Traditionally, the identification of astringent persimmons that are not mixed in with produced bamboo persimmons has been done empirically by experienced farmers who look at the external shape and luster of the color.

However, the shape and color of the 1″8 mark are delicate and vary greatly depending on the harvest time and weather conditions.

Therefore, about 30% of the tying of sweet persimmons and astringent persimmons by farmers is wrong.

Nishimura Wase is a representative variety of incompletely sweet persimmons. Nishimura Wase is harvested early, from early September to early January, and its market price is high.

This fruit is sold as sweet persimmon at retail stores, but consumers often buy in bulk due to the high price of the fruit, so if astringent persimmons are mixed in, this can cause a big scandal and lead to a lack of trust. It will lead to the downfall of

In recent years, as the government has promoted projects to reorganize the use of rice fields, many Wase Nishimura trees have been planted.

As a result, the production volume began to increase, and the contamination of astringent persimmons became noticeable, and the establishment of identification technology is now a major issue.

However, several years have passed without an effective method for identifying sweet persimmons, and some famous fruit stores in big cities are starting to refrain from carrying sweet persimmons because they cannot guarantee that they are sweet persimmons.

As a result, the situation has become so serious that trees in producing areas have had to cut down trees that have barely begun to bear fruit.

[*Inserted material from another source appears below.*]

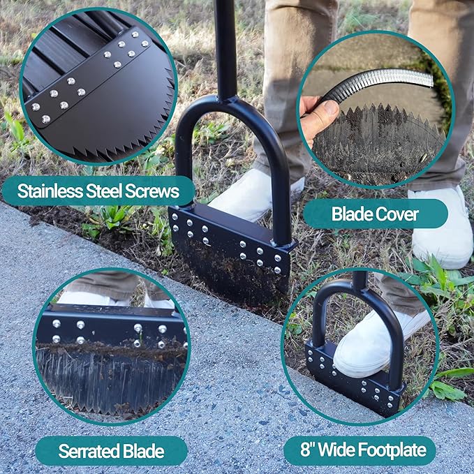 - Serrated Blade for Efficient Cutting: Featuring a high-quality serrated spring steel blade, this edger delivers superior cutting power. Its rust-resistant, water-resistant design ensures easy cleaning and long-lasting durability, making it a reliable, low-maintenance choice for a neat yard
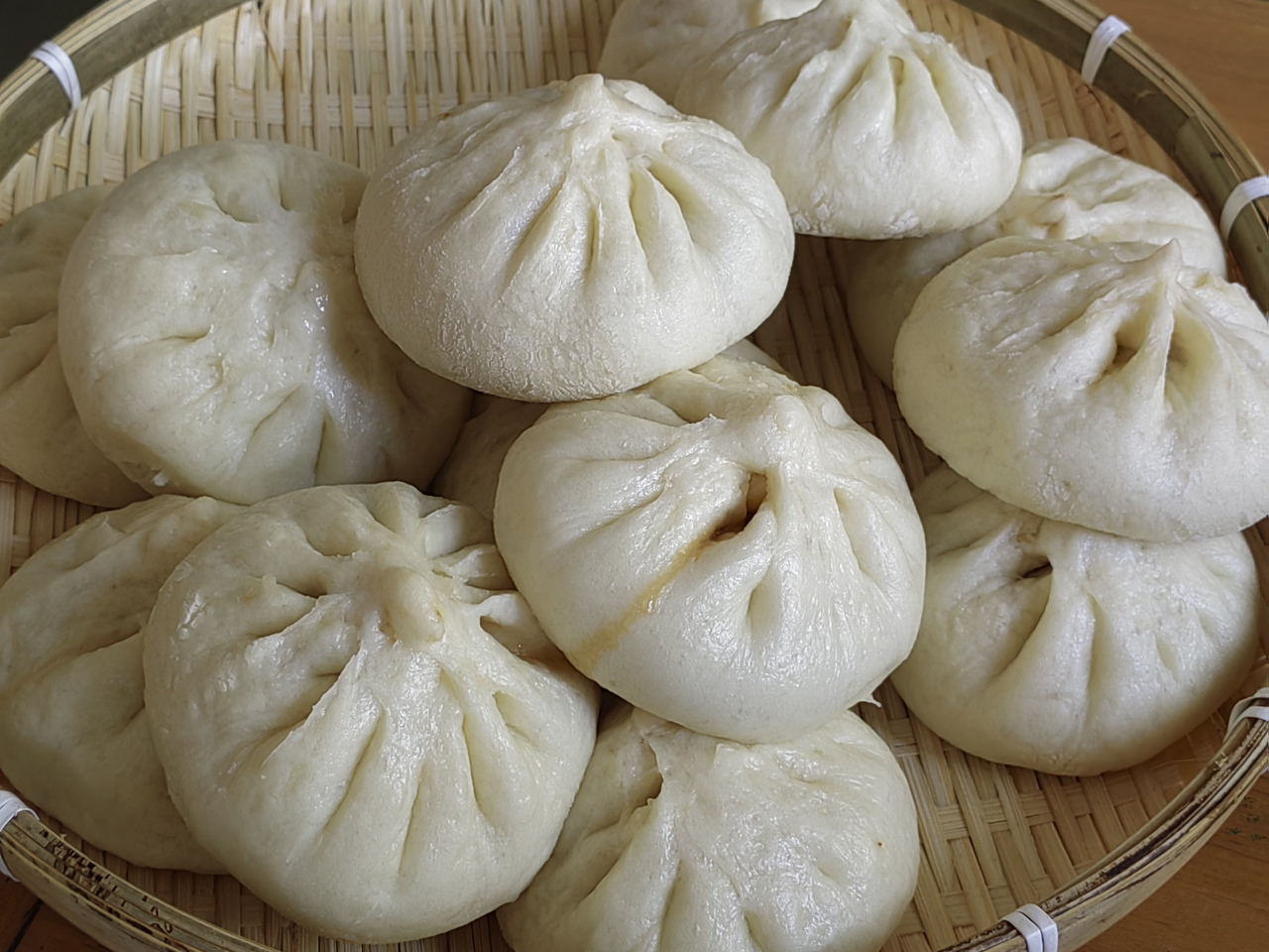 夏天做面食,面粉发酵比冬天容易,揉一揉很快就能发好。不过夏天水分蒸发也快,包子没彻底凉透,表皮就变干了。(原帖点这里)

Therefore, some studies have been conducted, and methods using X-ray fluoroscopy and laser light have also been proposed. In other words, in X-ray fluoroscopy, the fruit is irradiated with soft X-rays and the presence of seeds in the fruit is measured to determine if it is an astringent persimmon, but there is some variation in the relationship between the number of seeds and the astringent persimmon. Therefore, the accuracy of 1' is low. Additionally, there are some objections to the use of X-rays from the health management perspective of workers. The method using laser light has the problem that the equipment is complicated and expensive. Alternatively, a method using a specific single wavelength may be considered, but since this is a single wavelength, the energy of the transmitted light is low, and there are problems such as requiring special measures to improve measurement accuracy. Due to these problems, these have not yet been put into practical use.

Of course, there is one way to reliably tell the difference between sweet and astringent persimmons. That is, try cutting the fruit.

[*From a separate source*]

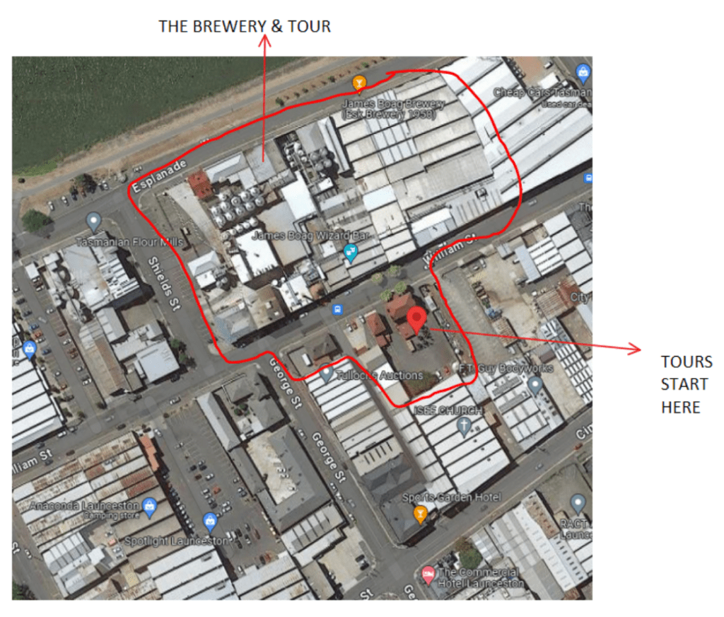 The tour starts at James Bags Brewery Pub across from the factory itself
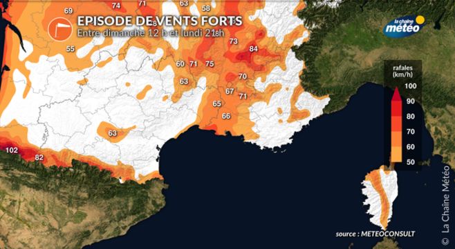 Dès dimanche après-midi, le vent de sud soufflera fort sur le Massif central avec des rafales autour de 70 à 80 km/h. Dans l’après-midi, le vent de sud se renforcera aussi sur le centre-est, avec des rafales approchant les 80 km/h, ainsi que le vent marin autour du golfe du Lion, avec des rafales à 70 km/h.

However, this has no commercial value and cannot be used.

The purpose of the present invention is to eliminate the drawbacks of the conventional methods and to reliably distinguish between sweet persimmons and astringent persimmons, thereby allowing rapid industrial inspection of all fruits in a non-destructive manner. The objective is to provide a non-destructive sorting method that enables

It was said that conventional methods based on visual judgment could not be put into practical use unless a method using a laser beam of a specific wavelength was used due to measurement accuracy. The key point is that it is made so that practical accuracy can be obtained by making the value sufficiently high.

In other words, the astringent persimmon discrimination method of the present invention can automatically distinguish between sweet persimmons and astringent persimmons by using the optical property that tannin substances, which give the astringent taste of the fruit, absorb light in a specific state and an optical sensor. This is how it was done.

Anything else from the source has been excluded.